Gramercy 222 Residents Corp. v. Gramercy Realty Associates

591 F. Supp. 1408, 1984 U.S. Dist. LEXIS 24471
CourtDistrict Court, S.D. New York
DecidedAugust 8, 1984
Docket83 Civ. 6135 (GLG)
StatusPublished
Cited by2 cases

This text of 591 F. Supp. 1408 (Gramercy 222 Residents Corp. v. Gramercy Realty Associates) is published on Counsel Stack Legal Research, covering District Court, S.D. New York primary law. Counsel Stack provides free access to over 12 million legal documents including statutes, case law, regulations, and constitutions.

Bluebook
Gramercy 222 Residents Corp. v. Gramercy Realty Associates, 591 F. Supp. 1408, 1984 U.S. Dist. LEXIS 24471 (S.D.N.Y. 1984).

Opinion

OPINION

GOETTEL, District Judge:

This suit arises from the conversion of a commercial loft building into a residential property owned by a cooperative corporation. The cooperative and two of its shareholders are suing numerous defendants (all of whom were, however tangentially, involved in the conversion of the property) for, inter alia, mail fraud, common law fraud, negligence, malpractice, breach of contract, and violation of the Racketeer Influenced and Corrupt Organizations Act, 18 U.S.C. §§ 1961 et seq. (1982) (“RICO”). The Court’s jurisdiction is invoked solely on the basis of RICO. The plaintiffs also contend that there is pendent jurisdiction over the state law claims and over those defendants who may be found not to have violated RICO.

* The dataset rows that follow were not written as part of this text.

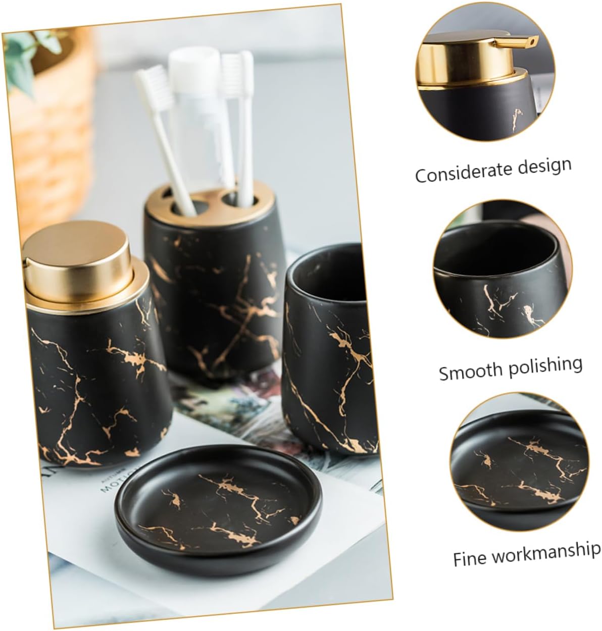 Package Include 2 x cups 1 x soap tray 1 x Lotion bottle Features - Size: 11.40X11.40X2.00cm/4.48X4.48X0.79in Bathroom Washing Supply. - Material: ceramic Soap Dish. - Fine workmanship, smooth polishing, multi-purpose, can be used as a wash cup Lotion Bottle. - Considerate make sure toothbrush and toothpaste are contained clean and neat Wash Cup Set. - This set of wash cup is wonderful, elegant bathroom accessories organizer with great Soap Tray. - This set includes two cups, one lotion bottle and a soap tray, convenient to use Toothbrush Holder. - Small size and portable, convenient to carry and store. Simple and classic appearance Toilet Washing Container.Goods DescriptionToothbrush Cup Chic polishing and smooth surface.Soap Tray This item is a set of bathroom washing cup, which is made of for use.Lotion Bottle Fine workmanship and beautiful appearance, can ensure its popularity among women and men
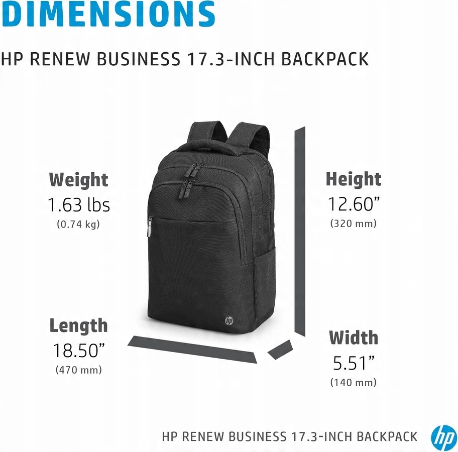 HP Renew Business 17.3 Backpack 3E2U5AAR, оригінальний рюкзак HP, призначений для ноутбуків з діагоналлю до 17.3", продукт серії business, найвища якість якість виготовлення та міцність вище середнього, до 13 відділень, кишень і відділень, RFID-кишеня для зберігання карток, двостороння блискавка на основних кишенях. Наступник вилученої моделі 2SC67AA
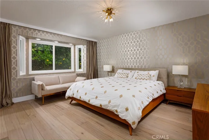 Beautifully updated 3-bedroom, 2-bath Mid-Century Modern masterpiece nestled within a private gated community in the coveted North Tustin Hills, showcasing breathtaking city light views and unforgettable sunset vistas. The home’s exterior was thoughtfully refreshed with a full repaint and backyard remodel completed on May 27, 2024 using Sherwin-Williams Emerald Rain Refresh, perfectly enhancing the property’s architectural lines and its inviting wraparound deck—an ideal space for entertaining or relaxing while enjoying the views. Inside, a comprehensive remodel completed in 2023 highlights the timeless elegance of Mid-Century Modern design, featuring dramatic soaring ceilings, a statement brick fireplace, and an expansive open-concept living and dining area designed for gracious gatherings. The kitchen blends style and function with quartz countertops, warm wood cabinetry, and a comfortable eat-in area. The serene primary suite offers a private balcony overlooking sparkling city lights, creating a tranquil retreat that combines privacy, design, and the natural beauty of this exceptional hillside setting.

Presently before the Court are motions by two of the fourteen defendants seeking dismissal of the RICO charges pursuant to Fed.R.Civ.P. 12(b)(1) (lack of subject matter jurisdiction); 12(b)(2) (lack of jurisdiction over the parties); and 12(b)(6) (failure to state a claim upon which relief can be granted). Once the RICO charges are dismissed, the movants assert, pendent jurisdiction is no longer available over either the state causes of action or the defendants who are not reachable under RICO.

The movants also request that the Court award attorneys’ fees as permitted under Fed.R.Civ.P. 11.

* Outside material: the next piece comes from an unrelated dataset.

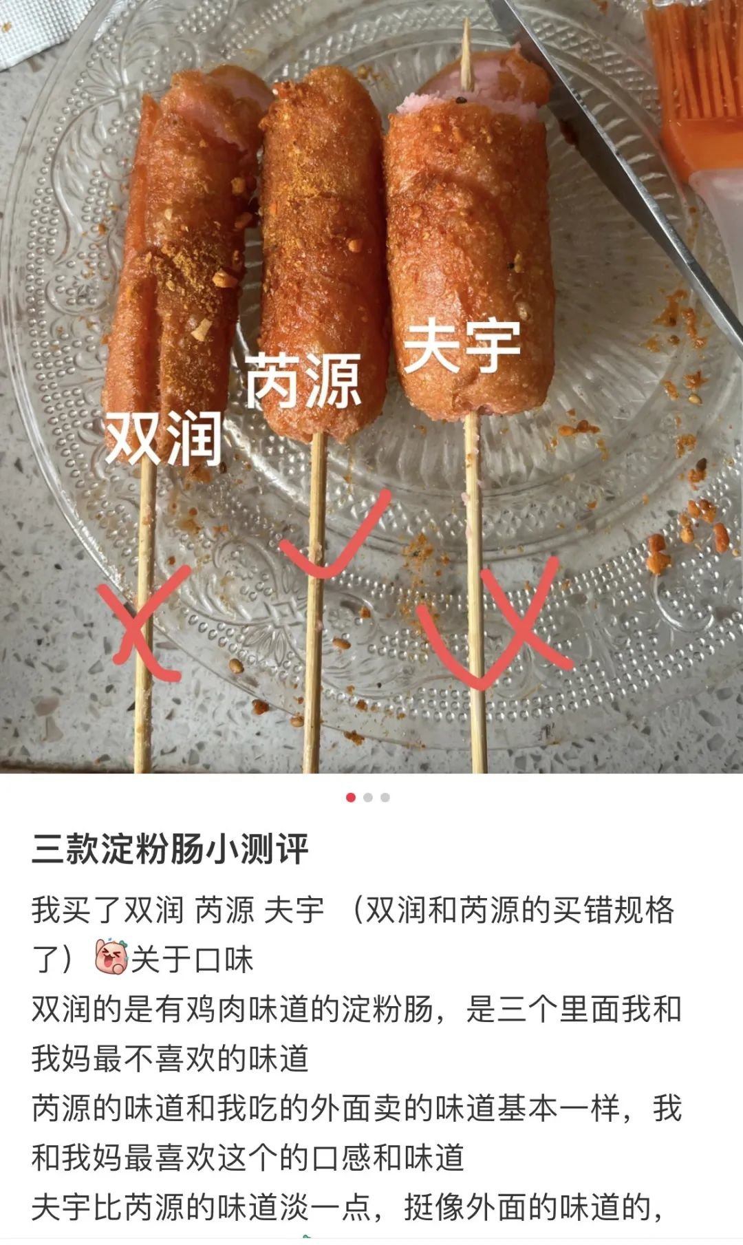 这三种淀粉肠,每个人对其评判的标准都不同,有人说双润吃起来有鸡肉味,有的则说有香精味。
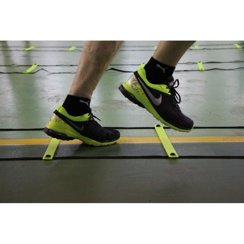 S’installe très rapidement sur votre terrain. Elle est idĂ©ale pour travailler la coordination et l’agilitĂ© en toute sĂ©curitĂ©. Les intervalles de cette Ă©chelle de rythme peuvent ĂŞtre ajustĂ©s en fonction du travail recherchĂ© et peut s’utiliser autant en salle qu’en extĂ©rieur.

For the reasons set forth below, the Court grants the defendants’ motion to dismiss, but denies their motions for attorneys’ fees.

BACEGROUND

The cooperative corporation, Gramercy 222 Residents Corp., and two of its shareholders, Richard Block and Steven Muller (hereinafter referred to collectively as “the Residents”) filed a complaint against a number of defendants, 1 including the two *1410 movants in the instant proceeding, Bernard Rothzeid & Partners, P.C. (“Rothzeid”), the architectural firm that inspected the building before renovation and whose report was included in the selling prospectus for the cooperative, and Reuben Miller (“Miller”), the architect who inspected and approved the work of the construction firm that renovated the building.

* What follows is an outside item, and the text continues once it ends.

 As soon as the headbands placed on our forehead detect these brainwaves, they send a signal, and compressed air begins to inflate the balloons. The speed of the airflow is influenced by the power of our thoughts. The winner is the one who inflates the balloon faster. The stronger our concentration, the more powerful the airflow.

In a nutshell, the Residents complain that, after the creation of the cooperative corporation and the purchase of their shares, they discovered that there were extensive problems with the building’s structure and components, that some substandard materials had been used in the remodelling work, and that they had been deceived as to the tax status of the cooperative. The Residents allege that the failure by Rothzeid and Miller to discover some of these allegedly defective conditions constitutes mail fraud, 2 common law fraud, negligence, professional malpractice, breach of contract, 3 and RICO violations. As a result of these failures, the plaintiffs seek $2.5 million in actual damages to cover the amount they claim has been or will be spent to repair the allegedly defective conditions in the building. Under RICO, this amount would be trebled to $7.5 million and the plaintiffs would be eligible for attorneys’ fees as well.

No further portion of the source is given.